A study of 1,000 years of variations in solar activity finds little or no effect on climate change.

September 16, 2006|Robert Lee Hotz | Times Staff Writer

Seeking another cause of global warming, some climate experts long suspected that the sun itself could be at fault.

Changes in the sun's luminosity might be more to blame for the world's rising temperatures than industrial greenhouse gases such as carbon dioxide and methane, they speculated.

Not so, scientists reported Wednesday in the journal Nature.

By evaluating patterns of solar activity during the past thousand years, a team of experts concluded that variations in the sun's energy output played little or no role in global warming.

"We have answered a classic question that goes back several hundred years: Does the changing brightness and darkness of the sun drive climate?" said lead researcher Peter Foukal, a solar physicist at Heliophysics Inc. in Nahant, Mass. "The answer is that it probably doesn't."

Foukal and colleagues from the Max Planck Institute for Astrophysics in Garching, Germany, and the University Corporation for Atmospheric Research in Boulder, Colo., assessed long-term variations in the total amount of energy emitted by the sun, which normally rises and falls slightly in step with an 11-year cycle of sunspot activity, back to the year 1000.

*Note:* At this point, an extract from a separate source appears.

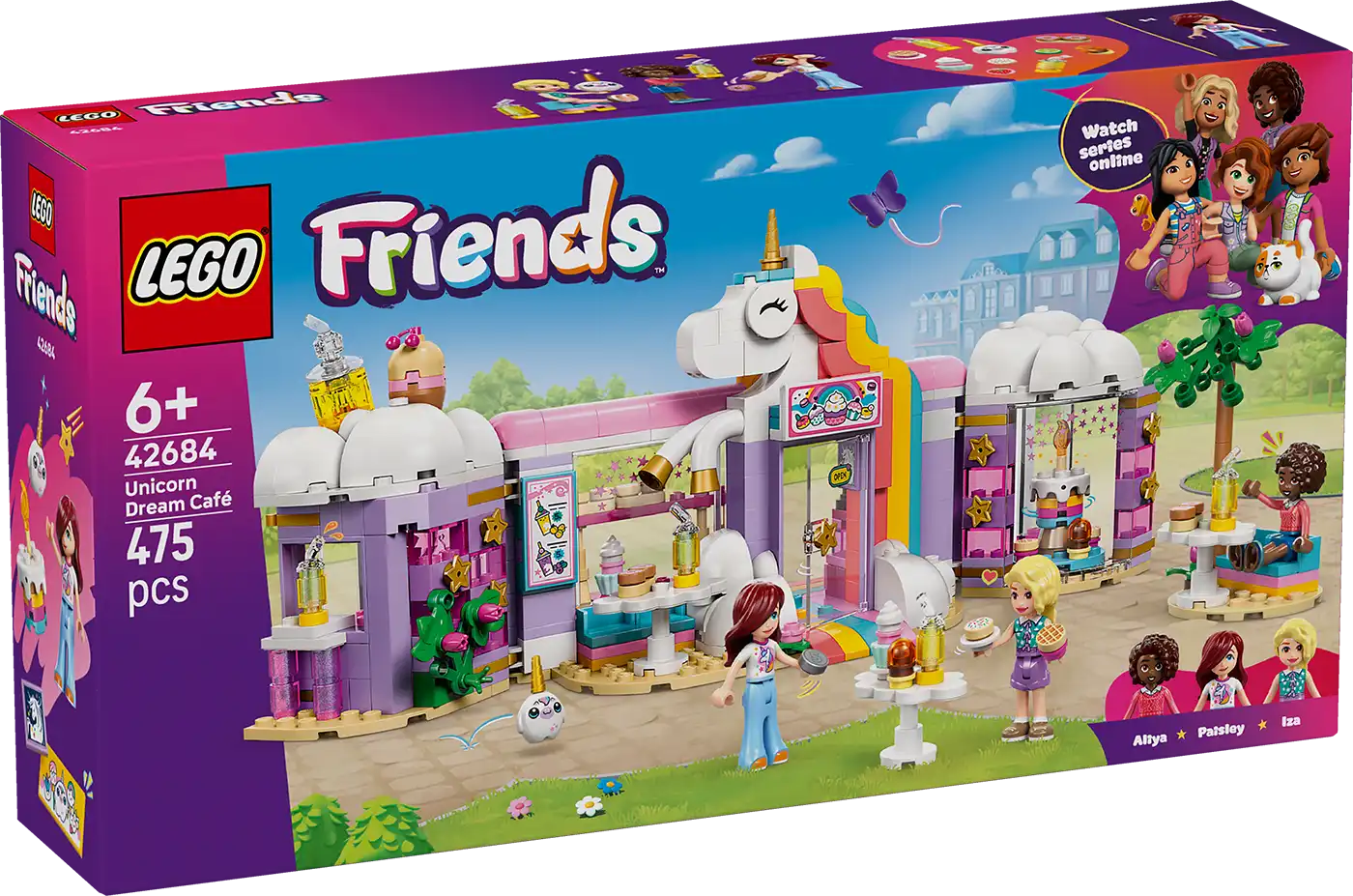 Ez a részletgazdag építőkészlet 3 figurával, játék tortákkal, fánkokkal, gofrikkal és süteményekkel inspirálja a gyerekeket a szabad játékra. Találhatók még benne aranyos muffinok is, amelyeket a kirakatban vagy a forgótányéron lehet kiállítani. Még több történetmesélési lehetőséget kínál a gyümölcslé- és a turmixbár, a beltéri és kültéri ülőhely, a pénztárgép és LEGO plüss unikorniskiegészítő. A Friends ifjú rajongói kreatív játékokat játszhatnak a kávézó tulajdonosával, Izával, valamint a vendégekkel, Paisley-vel és Aliyával.

To reconstruct the relationship between the sun's energy output and climate, they used computer models, temperature changes as recorded in natural sources such as tree rings, and measurements of beryllium-10, an isotope produced naturally in the atmosphere as a consequence of solar activity.

They found that any long-term solar variations were simply too small to explain the way that temperatures and climate had changed "on centennial, millennial and even million-year timescales," the researchers reported. They did not rule out the possibility that some unknown behavior of the sun could be involved in climate change.

"The influence of the sun is utterly negligible," said Tom Wigley, a climate expert at the University Corporation for Atmospheric Research. "Compared with the human influence on climate, it is a very minor effect."